En su artículo “Fundamentalismo peligroso” (La
Nación, 6/5/99, P.14A) el señor Jaime Harrington, presidente de la
agrupación lechera, ensaya una defensa de la indefendible política de
protección a los industriales lecheros y, entre otras lindezas, me acusa
de caer en una “tesitura ultraliberal y utópica”. Voy al grano.
Igualdad. Mi tesis, que debe coincidir con la de
cualquier ser humano decente y medianamente inteligente, es la siguiente:
en política de comercio internacional, lo moralmente correcto es la
igualdad ante la ley. Tanto los empresarios -industriales de la leche y
otros - como los consumidores debemos tener absoluta libertad para
aprovechar las oportunidades que ofrece el mercado internacional. Los
primeros, libres para decidir qué producir y adónde venderlo; los
segundos, libres para decidir qué consumir y de dónde obtenerlo.

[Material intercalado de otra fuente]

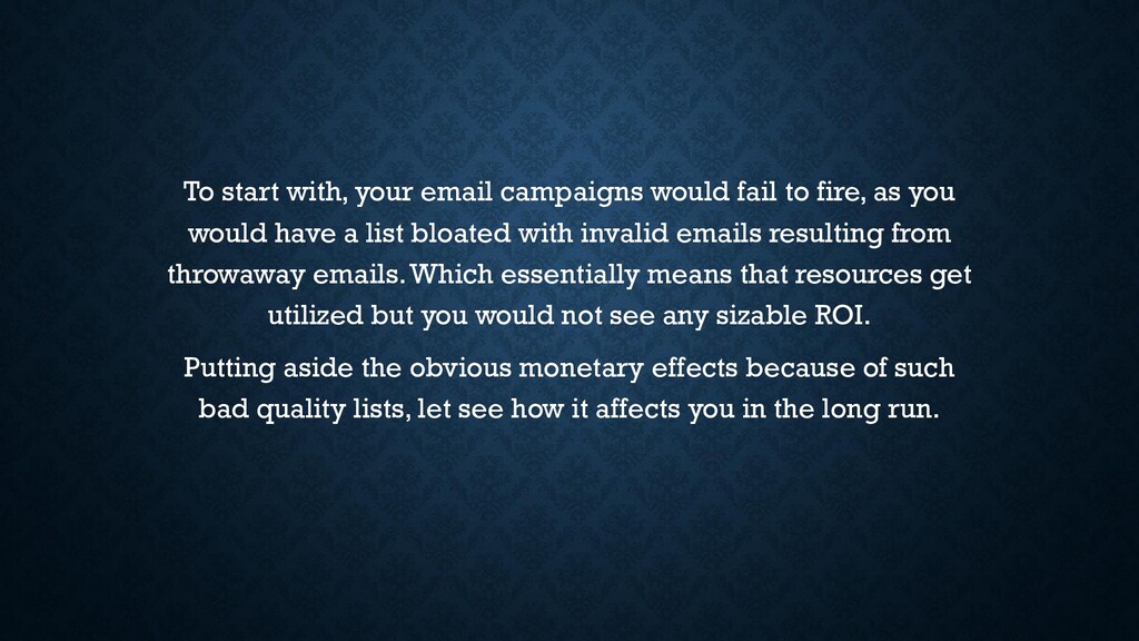 Disposable email addresses are really a pain for website owners and hence it becomes super important to detect temporary emails in real time. Disposable emails ceases to exist in few minutes or hours depending on the service provider, which means as a website owner all the followup email campaigns you organize for this email address would bounce. Obviously one email bouncing wouldn't probably get you into trouble but this does accrue over time and might adversely affect your sender reputation.

En este sentido, lo ideal es que no existan aranceles
del todo, ya que son discriminatorios y empobrecedores. Pero si el
gobierno decide cobrar aranceles por razones puramente fiscales, estos han
de ser iguales para todos -industriales y consumidores. Por ejemplo, un
arancel del 5% sobre todos los bienes y servicios que se importen y un
impuesto del 5% sobre todos los bienes y servicios que se exporten.

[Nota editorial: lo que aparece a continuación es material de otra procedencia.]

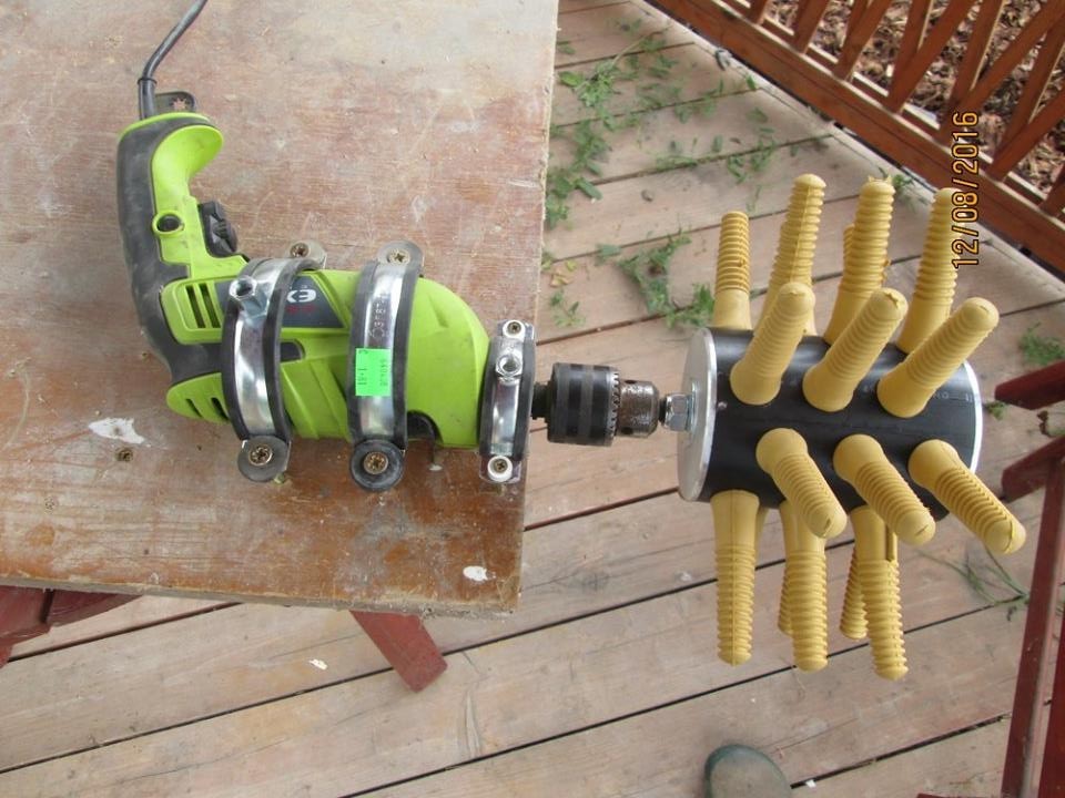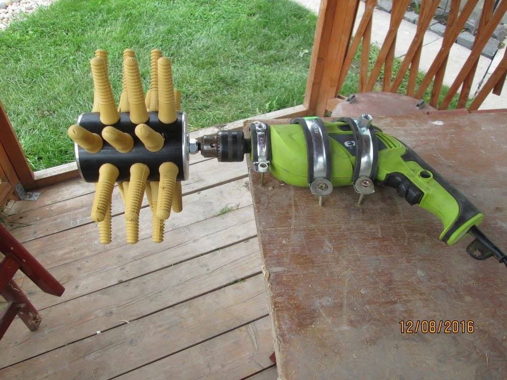 Pentru utilizarea corectă a produsului , acesta trebuie atașat la un dispozitiv (se recomandă o bormașină - nu este inclusă) care se va roti odată cu produsul . Recomandăm atașarea dispozitivului care va fi utilizat pentru rotire la o suprafață de lucru (de exemplu, la o masă folosind manșoane de prindere sau cleme), vezi imaginea de mai jos.

Esta igualdad es el espíritu del Artículo 33 de la
Constitución, que reza: Todo hombre es igual ante la ley y no podrá
hacerse discriminación alguna contraria a la dignidad humana. Acostumbrado
a nuestro nefasto feudalismo, en el cual, en virtud de su apellido o
apariencia física, cierta gente han gozado de privilegios que los demás
no osamos ni soñar, el señor Harrington califica mi llamado por la
igualdad ante la ley como descabellada, utópica. ¡Cuán poco hemos
avanzado en 500 años!
Una discusión bizantina. En su intento por
justificar la política que nos cuesta a los consumidores muchos de miles
de millones anualmente, el señor Harrington destaca los aranceles y
precios de la leche en varios países. Hay tanto ahí que uno podría
refutar, pero ponernos a discutir si la leche es más cara en Costa Rica
que en Kundanga es como si ante una epidemia de violaciones sexuales en
América Latina nos concentráramos en averiguar si los violadores ticos
son más guapos que los argentinos. El punto es que hay una violación de
los derechos de un ser humano y el hecho es inmoral. El grotesco arancel
lechero es una violación de nuestro derecho; una inmoralidad.

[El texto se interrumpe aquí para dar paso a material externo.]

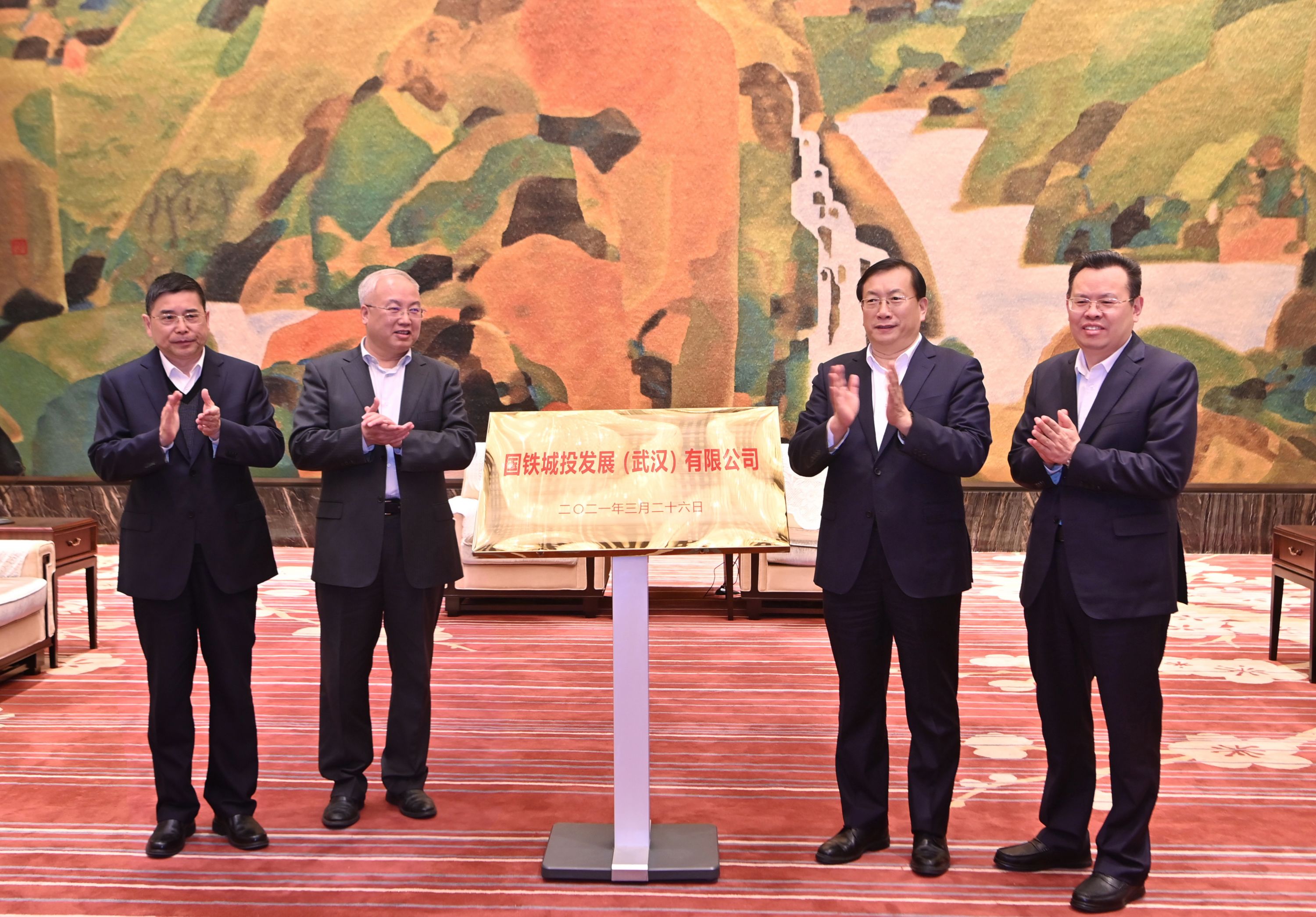 同日,国铁城投发展(武汉)有限公司在汉揭牌,由中国铁投所属企业与武汉市城投集团共同出资组建,将全面启动武昌区滨江核心区、汉阳区长江城杨泗港等地块综合开发工作,重点推动武汉西站、武汉天河站等枢纽车站站城一体化开发和铁路沿线土地综合开发,实现站城融合和新型城镇化发展。

En este diálogo de sordos, el señor Harrington nos
regala un par de joyas. Primero, nos señala que “el país como un todo
se anota un gran triunfo comercial al obtener una cuota para leche UHT
(...) significativa por permitir el acceso a uno de los mercados más
protegidos del mundo...” Esto es el colectivismo alienante en su máxima
expresión. Violan mi derecho y me perjudican, pero el país como un todo
se beneficia. Con este argumento, una “cámara” de criminales puede
capturar a ciertos ticos y extraer sus órganos para exportarlos a
mercados de difícil penetración. El país, como un todo, se
beneficiaría.
Segundo, nos da una lección de economía. Argumenta
que ¡cuanto más sube el arancel, más baja el precio! Por esta razón,
en Costa Rica, el país con el arancel más elevado, la leche es más
barata. La economía entendida al revés. Si esto es cierto, ¿por qué
exigen elevados aranceles?
Mercantilismo peligroso.
El señor Harrington nos
da a entender que luchar por nuestros derechos elementales es peligroso.
¿Cómo puede ser la igualdad ante la ley más peligrosa que el
mercantilismo -que desangra a unos para engordar a otros- practicado y
defendido por ellos? Para preservar la paz, recomiendo que se reduzca el
arancel a cero, y que los tontos compremos la leche cara de afuera y los
demás la leche baratísima que venderán los lecheros.